* Given records
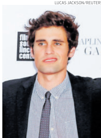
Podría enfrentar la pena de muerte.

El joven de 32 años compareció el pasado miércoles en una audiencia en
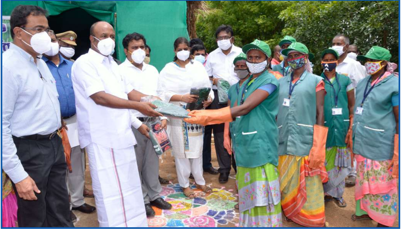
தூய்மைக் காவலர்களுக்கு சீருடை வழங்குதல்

==

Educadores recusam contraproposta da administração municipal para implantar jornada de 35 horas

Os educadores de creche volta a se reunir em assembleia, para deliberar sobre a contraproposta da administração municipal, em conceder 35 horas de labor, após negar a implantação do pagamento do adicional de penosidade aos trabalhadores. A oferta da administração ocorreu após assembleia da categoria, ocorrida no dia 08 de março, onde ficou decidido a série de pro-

--

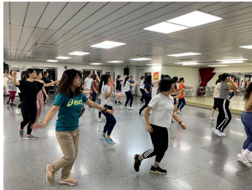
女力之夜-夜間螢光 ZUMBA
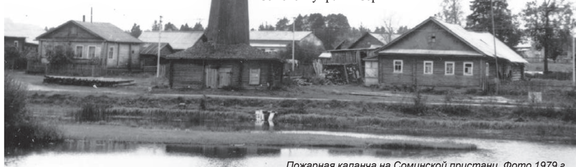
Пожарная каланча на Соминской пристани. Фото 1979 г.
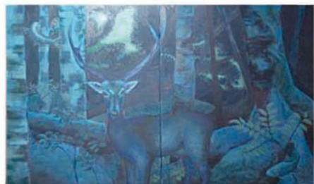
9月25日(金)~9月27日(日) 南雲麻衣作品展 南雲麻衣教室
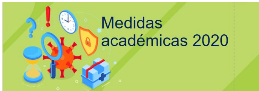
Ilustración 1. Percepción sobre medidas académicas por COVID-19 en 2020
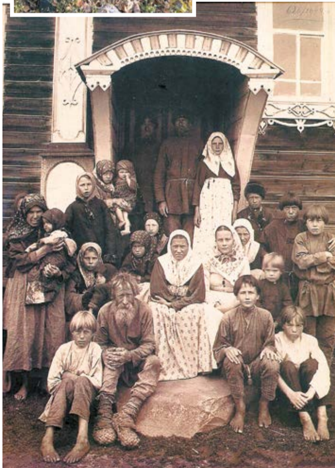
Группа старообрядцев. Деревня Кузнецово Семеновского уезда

* How to complete this task
Copy out every line of the material above that contains the string "para".

* Answer to this task
Educadores recusam contraproposta da administração municipal para implantar jornada de 35 horas
Os educadores de creche volta a se reunir em assembleia, para deliberar sobre a contraproposta da administração municipal, em conceder 35 horas de labor, após negar a implantação do pagamento do adicional de penosidade aos trabalhadores. A oferta da administração ocorreu após assembleia da categoria, ocorrida no dia 08 de março, onde ficou decidido a série de pro-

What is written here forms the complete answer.